A key example of this interference is the January 5, 2017, White House meeting involving Strzok, Susan Rice, Barack Obama, Joe Biden, and Sally Yates. Declassified notes reveal they discussed surveilling Michael Flynn, Trump’s incoming national security advisor, and withholding critical information from the Trump team. This meeting, far from a one-off, was part of a broader effort tied to the FBI’s Crossfire Hurricane investigation, launched in July 2016 to probe Trump’s campaign based on flimsy evidence like the Steele dossier – a document later discredited for its unverified claims. By the time the 2020 election loomed, Crossfire Hurricane had evolved into a sprawling operation, raising questions about its true purpose: was it to investigate or to sabotage?
And remember Rice’s memo to herself, written on January 20, 2017, claiming Obama insisted everything be “by the book”? Why even have any written evidence of that meeting, especially a memo that reeks of a cover-your-ass move.

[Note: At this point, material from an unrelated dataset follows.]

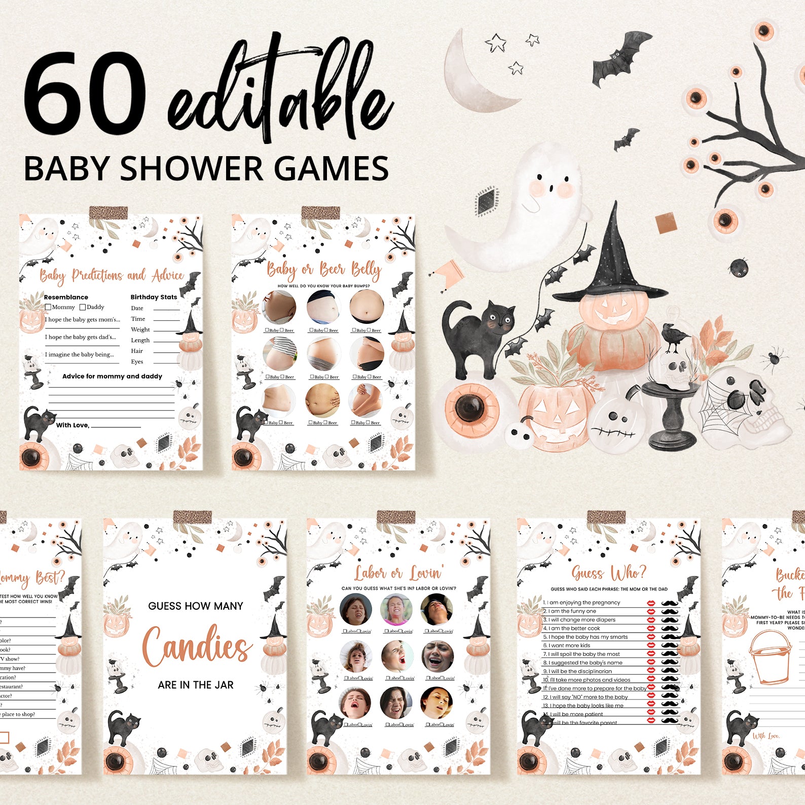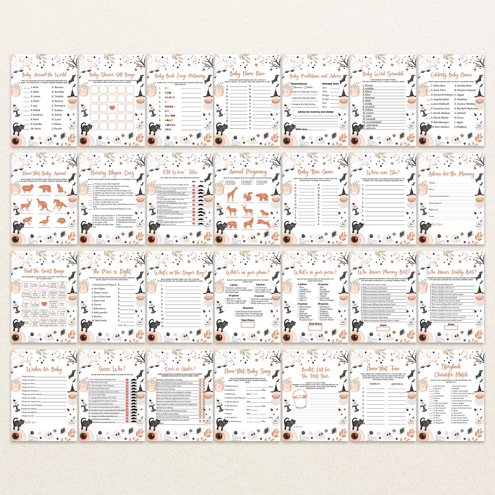 - Purchase this Cute Boho Halloween Digital Game Bundle: A Little Boo's Arrival template

This may well turn into one of those “we know” situations where we lack enough hard proof to overcome the horrific thought of dealing with, and punishing, the aftermath of the greatest conspiracy to attack the Constitution and American sovereignty in the history of this nation. I think the only hope there are more than a few breadcrumbs is that this group of saboteurs were far more arrogant than they were smart or careful. Whether enough clear evidence can be found and substantiated is still open – and assuming there is something concrete, perhaps the biggest question is whether our judicial system has the courage to pursue them against a former two term president and his Mission Insurrection team.